**DATASET CONTENT:**
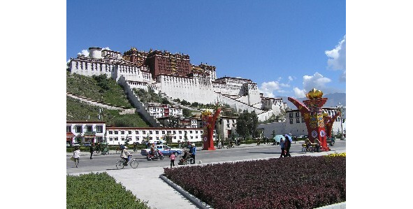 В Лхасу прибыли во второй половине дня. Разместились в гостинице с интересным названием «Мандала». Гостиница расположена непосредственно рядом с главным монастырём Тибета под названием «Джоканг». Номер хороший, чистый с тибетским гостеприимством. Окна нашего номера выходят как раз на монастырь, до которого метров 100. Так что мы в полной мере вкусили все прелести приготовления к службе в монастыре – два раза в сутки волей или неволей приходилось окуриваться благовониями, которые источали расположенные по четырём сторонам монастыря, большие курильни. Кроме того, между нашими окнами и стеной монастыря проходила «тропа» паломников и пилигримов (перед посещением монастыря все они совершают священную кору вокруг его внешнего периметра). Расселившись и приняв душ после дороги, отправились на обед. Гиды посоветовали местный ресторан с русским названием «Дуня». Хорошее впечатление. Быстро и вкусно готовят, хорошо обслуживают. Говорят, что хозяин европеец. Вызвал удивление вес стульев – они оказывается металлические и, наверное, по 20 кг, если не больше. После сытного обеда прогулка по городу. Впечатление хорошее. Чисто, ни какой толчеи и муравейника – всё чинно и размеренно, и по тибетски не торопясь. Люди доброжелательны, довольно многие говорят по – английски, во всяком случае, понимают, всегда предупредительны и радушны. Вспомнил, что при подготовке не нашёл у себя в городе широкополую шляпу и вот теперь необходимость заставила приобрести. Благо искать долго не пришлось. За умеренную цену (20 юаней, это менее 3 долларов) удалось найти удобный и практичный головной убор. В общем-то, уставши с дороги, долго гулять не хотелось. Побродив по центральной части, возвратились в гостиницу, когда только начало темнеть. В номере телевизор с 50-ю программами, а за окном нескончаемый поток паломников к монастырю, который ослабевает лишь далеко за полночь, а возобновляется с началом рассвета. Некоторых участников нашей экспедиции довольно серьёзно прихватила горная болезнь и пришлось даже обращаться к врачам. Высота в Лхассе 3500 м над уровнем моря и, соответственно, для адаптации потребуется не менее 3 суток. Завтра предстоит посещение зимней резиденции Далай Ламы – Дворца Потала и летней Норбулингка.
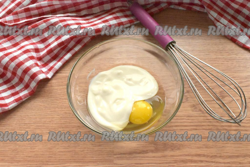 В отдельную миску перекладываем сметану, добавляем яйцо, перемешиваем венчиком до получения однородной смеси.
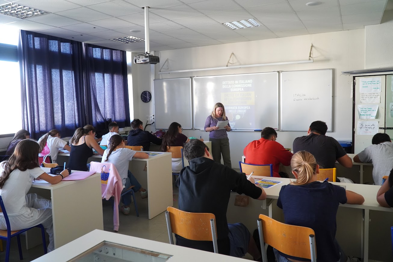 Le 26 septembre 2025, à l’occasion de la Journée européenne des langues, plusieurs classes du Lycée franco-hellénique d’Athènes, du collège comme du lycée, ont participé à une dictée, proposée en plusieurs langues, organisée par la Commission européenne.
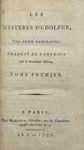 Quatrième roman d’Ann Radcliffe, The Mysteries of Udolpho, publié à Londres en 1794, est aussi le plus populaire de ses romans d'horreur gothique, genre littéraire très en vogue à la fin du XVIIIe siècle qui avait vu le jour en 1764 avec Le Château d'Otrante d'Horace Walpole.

**THE TASK:**
When copying the listing above, begin at its first line and stop after the line with "В отдельную миску", keeping each line exact and dropping the pictures.

**TASK ANSWER:**
 В Лхасу прибыли во второй половине дня. Разместились в гостинице с интересным названием «Мандала». Гостиница расположена непосредственно рядом с главным монастырём Тибета под названием «Джоканг». Номер хороший, чистый с тибетским гостеприимством. Окна нашего номера выходят как раз на монастырь, до которого метров 100. Так что мы в полной мере вкусили все прелести приготовления к службе в монастыре – два раза в сутки волей или неволей приходилось окуриваться благовониями, которые источали расположенные по четырём сторонам монастыря, большие курильни. Кроме того, между нашими окнами и стеной монастыря проходила «тропа» паломников и пилигримов (перед посещением монастыря все они совершают священную кору вокруг его внешнего периметра). Расселившись и приняв душ после дороги, отправились на обед. Гиды посоветовали местный ресторан с русским названием «Дуня». Хорошее впечатление. Быстро и вкусно готовят, хорошо обслуживают. Говорят, что хозяин европеец. Вызвал удивление вес стульев – они оказывается металлические и, наверное, по 20 кг, если не больше. После сытного обеда прогулка по городу. Впечатление хорошее. Чисто, ни какой толчеи и муравейника – всё чинно и размеренно, и по тибетски не торопясь. Люди доброжелательны, довольно многие говорят по – английски, во всяком случае, понимают, всегда предупредительны и радушны. Вспомнил, что при подготовке не нашёл у себя в городе широкополую шляпу и вот теперь необходимость заставила приобрести. Благо искать долго не пришлось. За умеренную цену (20 юаней, это менее 3 долларов) удалось найти удобный и практичный головной убор. В общем-то, уставши с дороги, долго гулять не хотелось. Побродив по центральной части, возвратились в гостиницу, когда только начало темнеть. В номере телевизор с 50-ю программами, а за окном нескончаемый поток паломников к монастырю, который ослабевает лишь далеко за полночь, а возобновляется с началом рассвета. Некоторых участников нашей экспедиции довольно серьёзно прихватила горная болезнь и пришлось даже обращаться к врачам. Высота в Лхассе 3500 м над уровнем моря и, соответственно, для адаптации потребуется не менее 3 суток. Завтра предстоит посещение зимней резиденции Далай Ламы – Дворца Потала и летней Норбулингка.
 В отдельную миску перекладываем сметану, добавляем яйцо, перемешиваем венчиком до получения однородной смеси.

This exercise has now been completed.